Earlier I have kind of been thinking about most of the ribosomal RNA as space filling RNA and protein strings attached to keep the whole thing together. I only imagined a few sections of the RNA to actually have a specific function, either by having a shape that allowed space for holding holding of a tRNA codon. However what I am starting to come to a realization off, from the paper Rhiju linked, that the ribosome has been build in layers and each layer tends to add a new function on top of the existing ones.

However I do think that some of the small hairpins on the multiloops in the multiloop highways are really just space fillers and more are there for making sure the multiloops got identity variation by having different stem count and length, so they don’t misfold.
Photo of Eli Fisker

Eli Fisker

  • 2222 Posts
  • 483 Reply Likes
Crystals, x-ray structure and the asymmetric nature of RNA

Now I wonder if the asymmetric nature of RNA is part of the explanation on why RNA is harder to crystallize compared to proteins?

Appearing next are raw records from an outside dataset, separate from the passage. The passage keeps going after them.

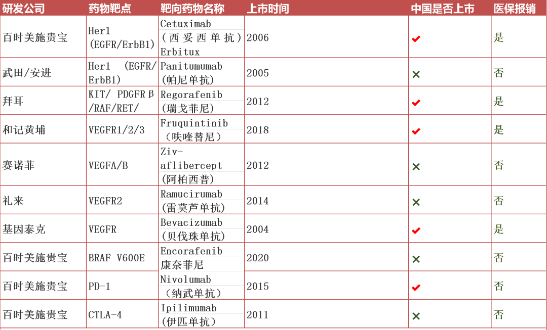 近年来,新一代抗肿瘤药物的兴起让肿瘤的治疗从细胞毒性药物治疗时代跨越到基于基因变异的精准靶向治疗新时代。经过充分的临床证明,分子靶向治疗不仅能精准地“杀灭肿瘤”,而且能延缓肿瘤发展,进而延长患者带瘤生存期,使肿瘤患者的临床治疗目标逐渐转向“慢性病管理”状态,就像高血压患者需要持续服用降压药,糖尿病人需要一直服用降糖药,癌症也可以被看作是一种特殊的“慢性病”,需要长期使用抗肿瘤药物。以肺癌为例,从前肺癌晚期患者的平均生存时间只有10个月左右;而现在通过靶向药物的序贯治疗,约有半数的肺癌晚期患者可以存活长达三四年。 您是否想全面了解目前国内外针对不同癌种的靶向免疫治疗药物有哪些呢?哪些药物已在国内上市并纳入了医保呢?今天,小编特意拿出日积月累的珍藏与大家分享,即根据癌种分类汇总的覆盖20余个癌种的靶向免疫药物,涉及这些药物在国内外上市、NCCN和CSCO指南推荐的超药品说明书用药以及医保纳入等情况(详见下表),在此共享给战斗在抗癌一线的各位医务工作者、患者及其家属,以期携力推动国内癌症精准治疗进程,惠及更多的癌症患者。 免疫检查点抑制剂 肺 癌 乳 腺 癌 结 直 肠 癌 胃 癌 胃 肠 间 质 瘤 胆 管 癌 食 管 癌 胰 腺 癌 肝 癌 原 发 性 腹 膜 癌 神 经 内 分 泌 瘤 声明:1、凡本网注明“来源:小桔灯网”的所有作品,均为本网合法拥有版权或有权使用的作品,转载需联系授权。2、凡本网注明“来源:XXX(非小桔灯网)”的作品,均转载自其它媒体,转载目的在于传递更多信息,并不代表本网赞同其观点和对其真实性负责。其版权归原作者所有,如有侵权请联系删除。 3、所有再转载者需自行获得原作者授权并注明来源。 最新评论相关分类图文热点 最新文章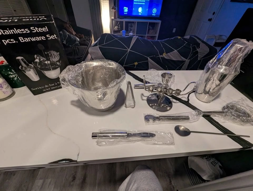 Buy & SellStainless Steel 9 Piece Barware SetStainless Steel 9 Piece Barware Set$20Let me know if you're interested!WHERE TO MEETCheck LocationView MapSELLERKevinCastlehill park140 reviews0 chats·0 favorites·3 viewsSEND CHAT TO SELLERHi Kevin! I’m interested in your listing.Hi Kevin! I’m interested in your listing.Get the Karrot app to chatSign In to chat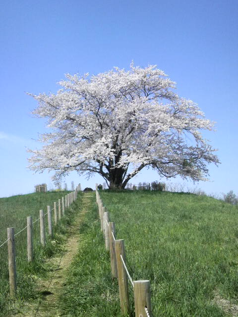 岩手山を遠くに望む小高い丘にどっしりと咲く一本桜。かつて神社のあったところで、神社移設の際、1本だけ残されたこの桜が毎年見事な花を咲かせ、人々の目を楽しませてくれています。いつ植えられたのかはわかっていませんが、ご神木だったと考えられます。晴れた日には、青空とのコントラストが絶景!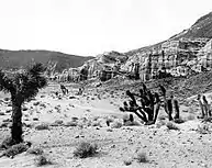 The area was once home to the Kawaiisu people. Some petroglyphs and pictographs are found in the El Paso Mountains and represent ritual sites from ancestors of the Coso people were early indigenous inhabitants of this locale. They created extensive carvings in rock within the El Paso and neighboring mountains of Red Rock Canyon.[2] and conducted considerable trade with other tribes as far as the Chumash on the Pacific coast.[3]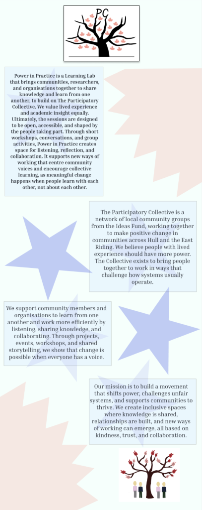 The Power in Practice campaign is designed to support The Participatory Collective by creating a clear, accessible, and values-led digital presence that promotes participation, shared learning, and community connection. The concept is a a Learning Lab, so the campaign brings together community groups, individuals, researchers, and organisations to explore new ways of working collaboratively. The campaign functions across multiple platforms, including a high-fidelity website prototype, social media content, and supporting digital and print materials, ensuring consistent communication while allowing flexibility for different audiences and contexts. Firstly, the main element is the website which includes lots of information, storytelling, and engagement. The site introduces the Participatory Collective, explains its purpose and values, and showcases community groups involved through dedicated pages. It also hosts information about Learning Lab events, session posters, and opportunities to get involved, such as sign-ups and sharing stories. The website is designed with accessibility in mind, using clear navigation, typography, and a calm visual tone to encourage involvement and participation. It’s also recognised that the platform recognises that many users may access the Collective online through their phones rather than desktop devices, however the desktop site is still successful which supports responsive layout and adaptive design. Moreover, social media plays a supporting but essential role in the campaign, particularly Instagram. It’s not just used as a promotional method, social media is also used to guide audiences back to the website while reinforcing the campaign’s main participatory values. Instagram stories and posts introduce the Learning Lab concept, highlight upcoming events, and provide further context. The content is written in clear language, ensuring it feels inclusive. Session posters and event-focused stories provide clear calls to action, such as visiting the website or signing up for updates, creating a consistent journey from social media to deeper engagement. In addition, the tone of the campaign is calm, thoughtful, and centred around people. Instead of being overly polished or corporate, the visual and written language reflects care, openness, and collaboration. This tone aligns closely with the Participatory Collective’s beliefs of working differently. The design elements such as soft colour palettes, recurring shapes, and generous spacing contribute to a welcoming and friendly atmosphere, whilst, for example, storytelling is incorporated throughout the campaign to centre voices, experiences, and shared learning. The key audiences for the campaign include local community groups involved in the Ideas Fund, individuals with lived experience, students and researchers, and organisations such as universities, councils, or charities who are interested in the participatory ways of working. The campaign is intentionally broad but carefully framed to avoid isolating any group. It encourages being open and shared learning, the Learning Lab is positioned as a space where nothing is prioritised over another. This ensures community members do not feel intimidated and that everyone feels included, while researchers and organisations are encouraged to listen and engage differently. Adding to this, the primary goals of the campaign are to raise awareness of the Participatory Collective, encourage participation in Learning Lab events, and support the growth of a connected movement based on shared values. Instead of just focusing on how many people interact, success is measured through meaningful engagement, such as sign-ups, participation in sessions, story contributions, and ongoing involvement. The campaign also aims to strengthen the Collective’s identity by presenting its work through a combined digital system, helping other audiences understand what the Collective stands for and how to get involved. Ultimately, all elements of the campaign connect back to the Participatory Collective’s core values and needs. The emphasis on participation reflects the belief that communities should have faith. Storytelling and co-created ideas, such as zines and shared reflections, align with the Collective’s commitment to emphasising the lived experience. Essentially, The Learning Lab format supports knowledge exchange the most. Finally, by working across platforms in a cohesive and accessible way, the campaign supports the Collective’s vision of becoming both a physical and virtual space for collaboration, learning, and systemic change.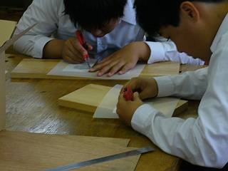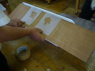 それを一年生がプラスチック板にカッターで抜く。
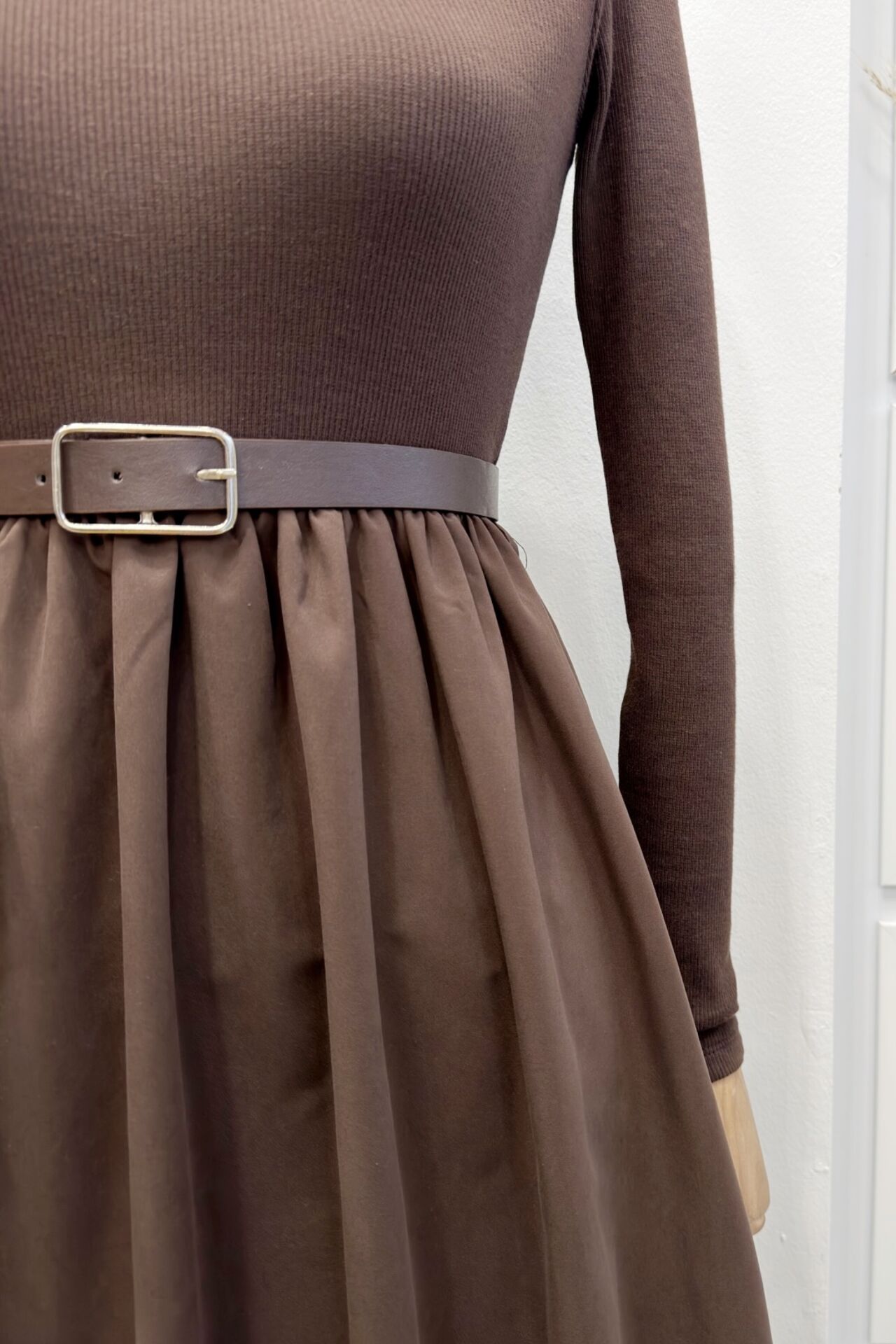 Kahverengi Triko Detaylı Sorella Elbise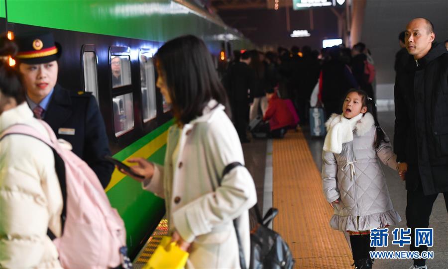 1月3日,卞菁值乘的動車到站,朱梓芮(前右)和父親尋找卞菁的身影。新華社記者 胡晨歡 攝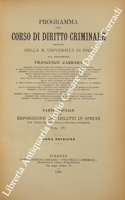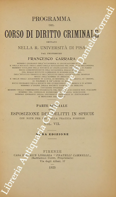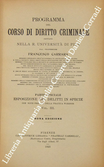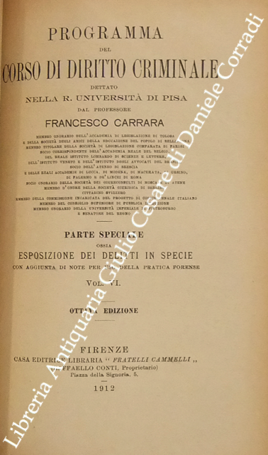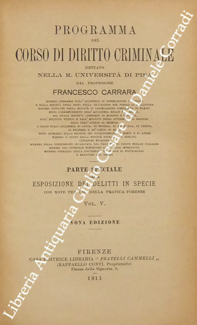 Programma del corso di diritto criminale dettato nella R. Università di Pisa. Parte speciale ossia esposizione dei delitti in specie. Con aggiunta di note per uso della pratica forense

Proteins are far more ordered and compact in their structure. Proteins form beta sheets, where side chains line up with each other in a repeated and regular manner. Even their alpha helices have ordered structures in themselves and even more when more of them line up side by side.

Beta sheetjpg

On a higher level, proteins also often use repeating domains/units. All of this adds up to higher orderliness. Order means denser structure and higher crystallinity, meaning it should be easier to get the structure by X-ray.

RNA rarely have bigger stem regions line up with each other. Though RNA can have coaxial stacking, where two stems line up with each other which is an adder of stability and energy bonus.

Proteins also generally contains far more symmetry compared to RNA - that's except for some very symmetric RNA switches ;). Although there are some symmetry to some higher order RNA structures, but not if one zoom in and look at the details.

RNA seems fractal in an asymmetric way. Needing variations on all levels, in particular the bigger it gets.

I suspect the asymmetric nature of RNA has a good deal to do with why it is harder to obtain x-ray structures from RNA compared to protein.

It all makes sense now. :)

Now I also wonder if the RNA designs with coaxial stacking are easier to crystallize, than similar sized RNA designs without?